Por otro lado, la simple afirmación de que su proceder se ha debido a un interpretación errónea de la norma tributaria, sin especificar en qué ha consistido el citado error y cuál ha sido la norma equivocadamente interpretada, convierten su argumento en inconsistente y falto de sustancialidad.
Finalmente, y a propósito del criterio empleado por el órgano sancionador como circunstancia agravante de la conducta punible (el empleo de medios fraudulentos), que la parte actora niega que concurra, basándose en el conjunto de pruebas aportadas demostrando la veracidad y certeza de las facturas cuestionadas, poco más ha de añadirse a lo ya razonado en el sentido de que tales documentos no constituyen un medio de prueba irrefutable, y su contenido queda entre dicho cuando de los datos indiciarios aportados por la Administración actuante se desprende la imposibilidad de prestar los servicios por quien afirmó facturarlos.
De ahí que la sanción haya de quedar ratificada en los términos que la confirma la resolución del TEARA recurrida.
SEXTO.-Por lo expuesto procede la desestimación del recurso, si que de conformidad con lo establecido en el art. 139.1 de la Ley de la Jurisdicción , se aprecie la existencia de motivos que aconsejen un especial pronunciamiento sobre el pago de las costas procesales.

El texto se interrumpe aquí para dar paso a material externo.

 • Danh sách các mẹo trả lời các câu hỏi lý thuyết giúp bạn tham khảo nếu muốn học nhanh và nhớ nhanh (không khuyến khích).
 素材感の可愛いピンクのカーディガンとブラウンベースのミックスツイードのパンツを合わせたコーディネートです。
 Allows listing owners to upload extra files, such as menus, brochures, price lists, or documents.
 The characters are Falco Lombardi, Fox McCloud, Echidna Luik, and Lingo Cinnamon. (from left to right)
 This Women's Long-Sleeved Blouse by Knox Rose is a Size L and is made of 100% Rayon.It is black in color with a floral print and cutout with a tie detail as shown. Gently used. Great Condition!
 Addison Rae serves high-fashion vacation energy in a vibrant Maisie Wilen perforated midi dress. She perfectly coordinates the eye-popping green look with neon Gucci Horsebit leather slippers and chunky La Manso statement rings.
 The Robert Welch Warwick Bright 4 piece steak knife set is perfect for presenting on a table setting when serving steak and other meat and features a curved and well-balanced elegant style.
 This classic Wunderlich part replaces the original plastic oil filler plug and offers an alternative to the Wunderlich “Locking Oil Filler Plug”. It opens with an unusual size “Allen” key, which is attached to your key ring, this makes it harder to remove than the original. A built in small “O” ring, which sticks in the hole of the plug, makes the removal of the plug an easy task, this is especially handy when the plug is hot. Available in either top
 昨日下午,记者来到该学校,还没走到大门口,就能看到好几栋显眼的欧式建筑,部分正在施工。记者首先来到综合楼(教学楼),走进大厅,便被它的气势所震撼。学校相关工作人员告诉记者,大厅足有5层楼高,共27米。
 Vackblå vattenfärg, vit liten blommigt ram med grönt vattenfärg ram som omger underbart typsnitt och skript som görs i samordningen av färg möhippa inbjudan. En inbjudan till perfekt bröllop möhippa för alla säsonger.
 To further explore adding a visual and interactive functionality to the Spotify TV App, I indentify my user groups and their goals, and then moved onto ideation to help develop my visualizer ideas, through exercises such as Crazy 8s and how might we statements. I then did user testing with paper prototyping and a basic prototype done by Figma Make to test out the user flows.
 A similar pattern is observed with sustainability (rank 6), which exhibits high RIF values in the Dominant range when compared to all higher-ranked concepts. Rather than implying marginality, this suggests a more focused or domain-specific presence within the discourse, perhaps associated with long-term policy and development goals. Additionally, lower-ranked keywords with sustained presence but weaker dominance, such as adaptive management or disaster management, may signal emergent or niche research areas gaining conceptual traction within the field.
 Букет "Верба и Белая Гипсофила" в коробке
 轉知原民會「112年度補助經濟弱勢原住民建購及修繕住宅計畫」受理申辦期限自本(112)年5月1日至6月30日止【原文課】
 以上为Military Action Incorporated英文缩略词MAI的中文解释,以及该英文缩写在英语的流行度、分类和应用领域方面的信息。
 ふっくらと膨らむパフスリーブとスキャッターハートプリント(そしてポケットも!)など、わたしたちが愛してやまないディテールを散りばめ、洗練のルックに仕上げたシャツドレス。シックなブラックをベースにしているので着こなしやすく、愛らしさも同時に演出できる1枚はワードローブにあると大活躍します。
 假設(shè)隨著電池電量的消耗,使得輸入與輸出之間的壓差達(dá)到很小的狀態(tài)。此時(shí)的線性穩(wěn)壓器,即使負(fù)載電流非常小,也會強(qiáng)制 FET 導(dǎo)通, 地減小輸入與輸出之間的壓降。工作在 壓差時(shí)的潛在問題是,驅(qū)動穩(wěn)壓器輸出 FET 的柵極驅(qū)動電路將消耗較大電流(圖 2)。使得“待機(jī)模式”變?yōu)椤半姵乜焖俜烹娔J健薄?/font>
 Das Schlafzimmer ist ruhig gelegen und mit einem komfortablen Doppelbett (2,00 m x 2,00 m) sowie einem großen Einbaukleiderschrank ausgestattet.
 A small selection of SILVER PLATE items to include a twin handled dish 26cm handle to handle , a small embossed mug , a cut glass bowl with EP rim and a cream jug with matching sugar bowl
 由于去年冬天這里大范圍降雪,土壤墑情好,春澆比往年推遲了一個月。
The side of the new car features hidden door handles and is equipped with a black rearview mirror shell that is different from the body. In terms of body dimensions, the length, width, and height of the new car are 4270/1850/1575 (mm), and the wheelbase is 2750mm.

Vistos los preceptos legales citados y demás de pertinente y general aplicación, la Sala dicta el siguiente
Fallo
1º.-Desestima el recurso contencioso-administrativo interpuesto por la representación procesal de la entidad mercantil 'CONSTRUCCIONES Y SERVICIOS ESPECIALES SERIESA, S. L.'contra la resolución del Tribunal Económico Administrativo Regional de Andalucía (Sala de Granada) de 30 de junio de 2010, recaída en los expedientes números 18/964/2009 y 18/965/2009; y en consecuencia se confirma en sus términos por ser ajustados a derecho.
2º.-No se hace especial pronunciamiento sobre el pago de las costas.
Intégrese la presente sentencia en el libro de su clase y una vez firme remítase testimonio de la misma junto con el expediente administrativo al lugar de procedencia de éste.
Así por esta nuestra sentencia que se notificará a las partes haciéndoles saber, con las demás prevenciones del art. 248.4º de la Ley Orgánica del Poder Judicial , que contra la misma por ser firme, no cabe interponer recurso alguno, definitivamente juzgando, lo pronunciamos, mandamos y firmamos.